Mengenai masalah selera makan pada anak Anda, pastikan anak Anda mendapatkan nutrisi yang mencukupi. Beberapa penyebab lain yang menyebabkan anak tidak mau makan diantaranya adalah :
  • Memakan cemilan padat kalori menjelang jam makan, sehingga anak tidak merasa lapar. Seperti permen, minuman ringan, coklat, snack,dll. Akibatnya ketika jam makan tiba anak  sudah kekenyangan. Atur makanan selingan atau cemilan jauh sebelum waktu makan tiba. Beri juga cemilan yang sehat seperti potongan buah, sayur kukus, keju, yoghurt, es krim, cake.

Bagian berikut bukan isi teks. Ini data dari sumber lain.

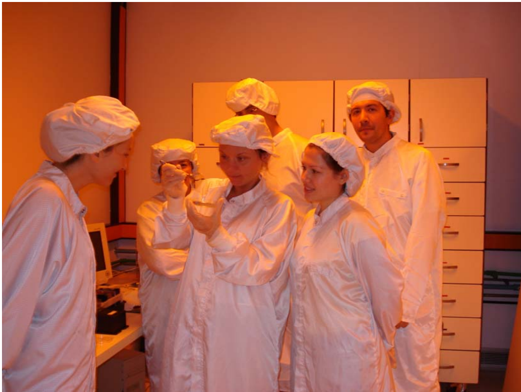
During the lab : Fabrication of microfluidic devices on plastic substrates by lithographic techniques

  • Minum susu terlalu banyak . Susu di banyak keluarga dianggap sebagai makanan “dewa” yang bisa menggantikan makanan utama seperti nasi, sayur & lauk pauknya. Atau orang tua sering takut anaknya kelaparan, sehingga makanan diganti dengan susu. Akhirnya, daripada perut si anak tidak kemasukan makanan, diberikan saja susu berlebihan. Padahal setelah anak berusia 1th, kehadiran susu dalam menu sehari-hari bukanlah hal wajib. Secara gizi, susu hanya untuk memenuhi kebutuhan kalsium dan fosfor saja. Kalsium dan fosfor sendiri mudah kita dapatkan dalam ikan-ikanan, sayur & buah. Di atas usia 1 tahun kebutuhan susu hanya 2 gelas sehari. Mulailah melatih anak dengan berbagai jenis makanan
  • Bosan dengan menu makan ataupun penyajian makanan. Cobalah untuk memvariasikan menu makan anak. Hal ini akan tergantung pintarnya ibu memberikan makanan bervariasi. Bila anak tidak mau nasi bisa diganti dengan roti, makaroni, pasta, bakmi, dll. Penyajian makanan yg menarik juga penting sekali. Jangan campur adukkan makanan. Pisahkan nasi dengan lauk pauknya. Hias dengan aneka warna & bentuk. Jika perlu cetak makanan dg cetakan kue yg lucu
  • Anak merasa terganggu dengan jam makan. Anak usia 1 tahun sedang aktif-aktifnya untuk bermain dan mempelajari sekitarnya. Makan dapat dianggapnya mengganggu aktivitas yang dilakukan. Apabila anak tidak mau makan maka cobalah untuk menyuapinya dalam suasana anak sedang bermain atau menonton tivi. Pada suasana tersebut umumnya anak sedang senang hatinya dan mau disuapi makanan
Yang perlu diingat baik-baik oleh setiap orangtua adalah seberapapun anak susah makan, ia tidak akan membiarkan dirinya kelaparan. Artinya, begitu ia kelaparan, maka ia akan makan. Tetap kreatif mengolah & menyajikan makanan, bina komunikasi yang baik, terus belajar menjadi orangtua & memahami kondisi anak, serta bersabar.